Value::merge is shared with rule/function materialization via Interpreter::merge_rule_value. Complete rules are safe (their conflict is caught independently in update_rule_value, interpreter.rs:1697), but zero-arg functions materialize through update_data → merge_rule_value → Value::merge (interpreter.rs:3785, 3673, 3404), so they inherit the new deep-merge. Verified empirically on this branch:

Policy before this PR this PR
f() := {"a":{"x":1}} / f() := {"a":{"y":2}} Err (conflict) {"a":{"x":1,"y":2}} — silently merged ⚠️
p := {"a":{"x":1}} / p := {"a":{"y":2}} (complete rule) Err Err (unaffected ✅)

An authoring mistake that used to be a hard error now silently produces a merged value. It's narrow (zero-arg functions + a shared key whose values are both objects/sets), but it's a silent evaluation-semantics change. (Note: disjoint object keys already merged pre-PR, so that specific case is not a regression.)

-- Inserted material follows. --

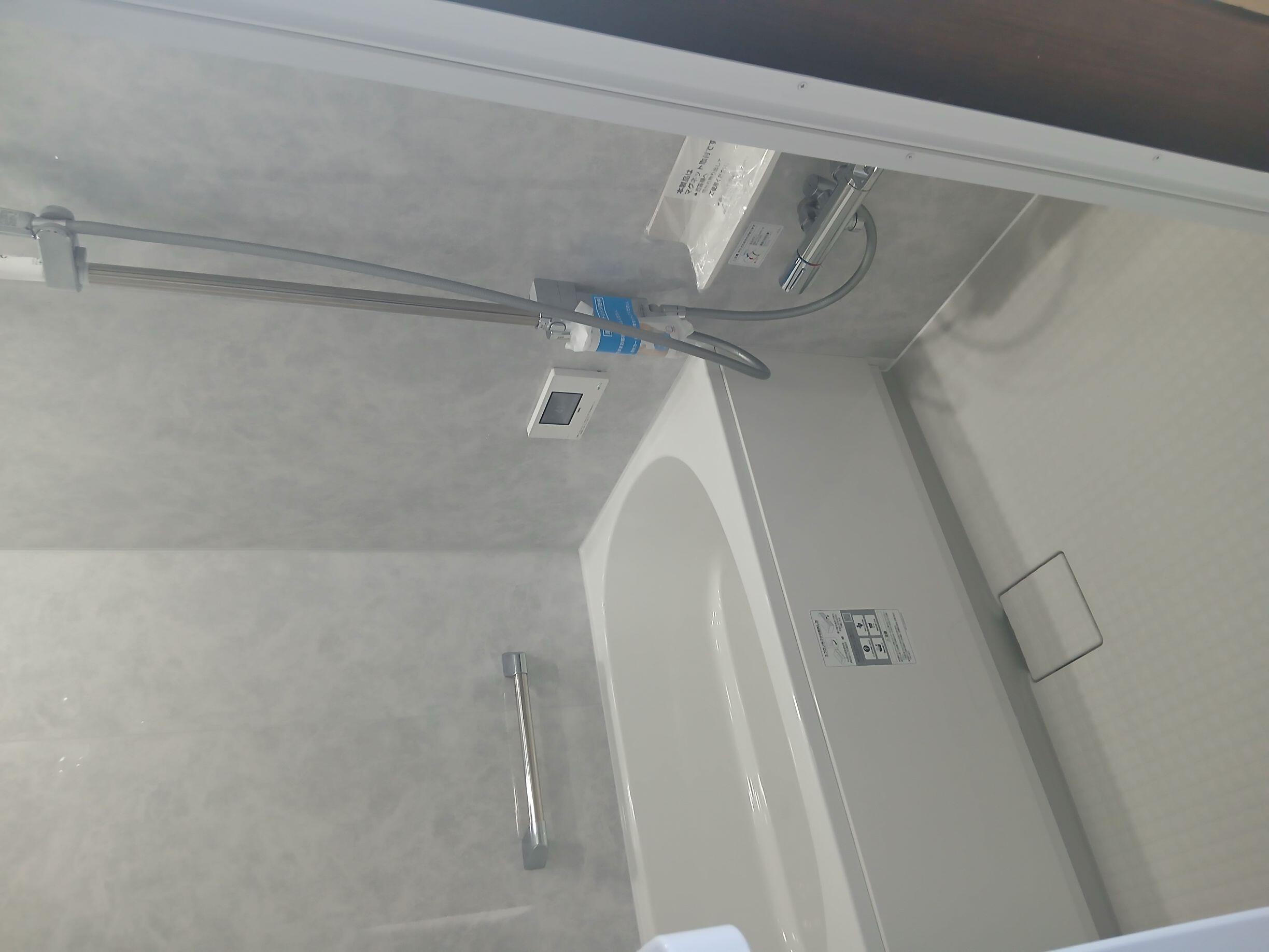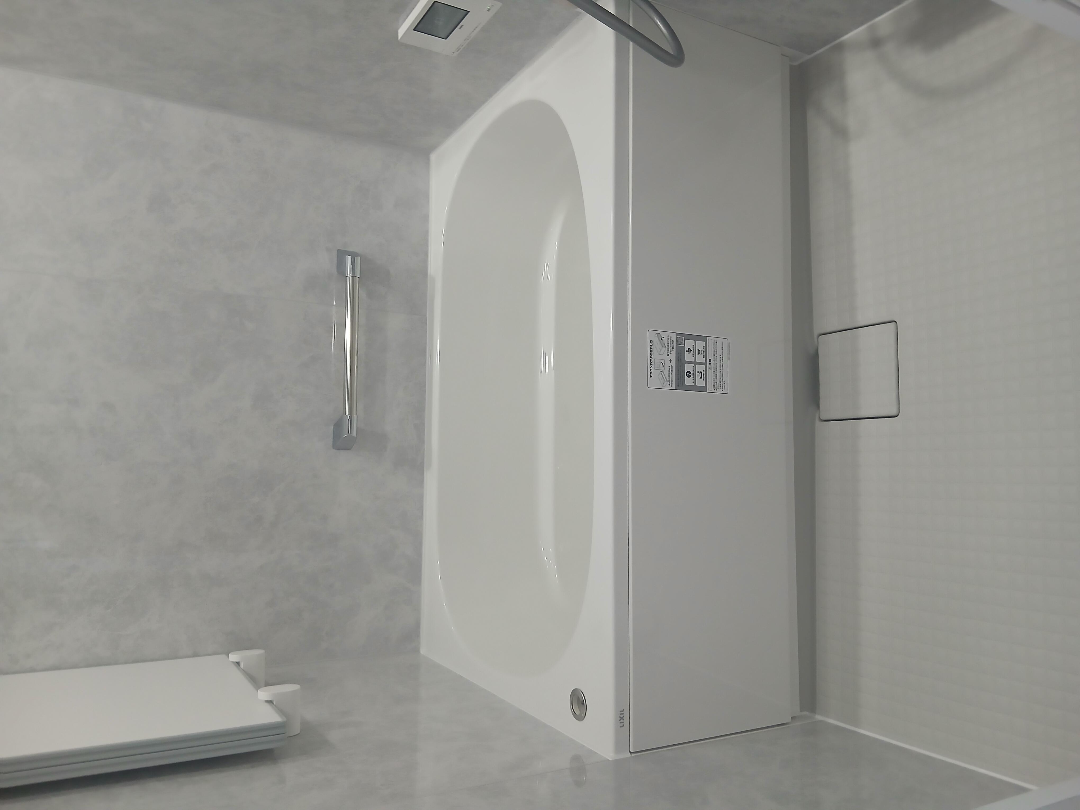 今流行りのシンプルでお掃除がしやすい浴室です。鏡なしカウンターなしなので、鏡のウロコ汚れやカウンターのピンクカビに悩まされることもありません。また、無駄を省いた分、壁パネルを豪華な全面張りにしたので、毎日のお風呂時間がホテルライクな贅沢空間になりました。浴槽はもちろん保温性の高い高断熱浴槽なのでお湯が冷めにくくなりました。そして、出入口のドアにルーバーがないのでお掃除がとても楽です。シンプルでキレイが続く浴室に仕上がりました。

Suggested fix — don't let the data-document deep-merge leak into rule materialization. Either give add_data its own deep_merge and keep Value::merge as the strict equality-or-conflict primitive for merge_rule_value, or gate the recursive arm behind a flag/param that only add_data sets.

Regression test (add to src/tests/interpreter/mod.rs):

#[test]
fn test_zero_arg_function_object_conflict_errors() -> Result<()> {
    let mut engine = Engine::new();
    engine.add_policy(
        "p.rego".to_string(),
        r#"
package test
f() := {"a": {"x": 1}}
f() := {"a": {"y": 2}}
"#
        .to_string(),
    )?;
    // Two zero-arg definitions producing objects that share a key must conflict,
    // NOT silently deep-merge.
    assert!(engine
        .eval_query("data.test.f".to_string(), false)
        .is_err());
    Ok(())
}

3. 🟡 MEDIUM — Unconditional Rc::make_mut(map) clones large shared objects with no limit check

The object arm now clones the map up front, before it knows whether any mutation is needed:

(Value::Object(map), Value::Object(new)) => {
    let map = Rc::make_mut(map);   // clones the whole map if shared
    for (k, v) in new.iter() { ... }

If a caller holds a snapshot (shared Rc, e.g. via get_data()) and the incoming doc only overlaps equal values, this deep-clones a potentially large object while performing no insertion — so the object-arm enforce_limit_anyhow() (which lives only in the None insert branch) never runs, and memory can exceed the configured limit undetected. The old code called Rc::make_mut only on the insert path.

Suggested fix — inspect with map.get(k) first and only Rc::make_mut(map) when an insert or a mutating recursion is actually required; or run enforce_limit_anyhow() immediately after any Rc::make_mut that may clone.


4. 🟡 MEDIUM/LOW — Recursive merge/precheck has no depth guard (now doubled)

Both merge and check_mergeable recurse one stack frame per nesting level, and check_mergeable runs first. A deeply nested, programmatically-constructed Value (JSON is capped ~128 by serde, but the Value API is not) added via add_data can overflow the stack → process abort instead of a recoverable Result.

Suggested fix — thread a depth counter with a conservative cap (returning an error past it), or rewrite the object traversal iteratively with an explicit stack. A regression test after adding the cap: assert an over-deep document is rejected rather than crashing.


5. 🔵 LOW — Doc wording + test coverage


🤖 Automated second-round review (code-review + deep-review skills); findings #1 and #2 verified manually by building and running targeted tests on this branch.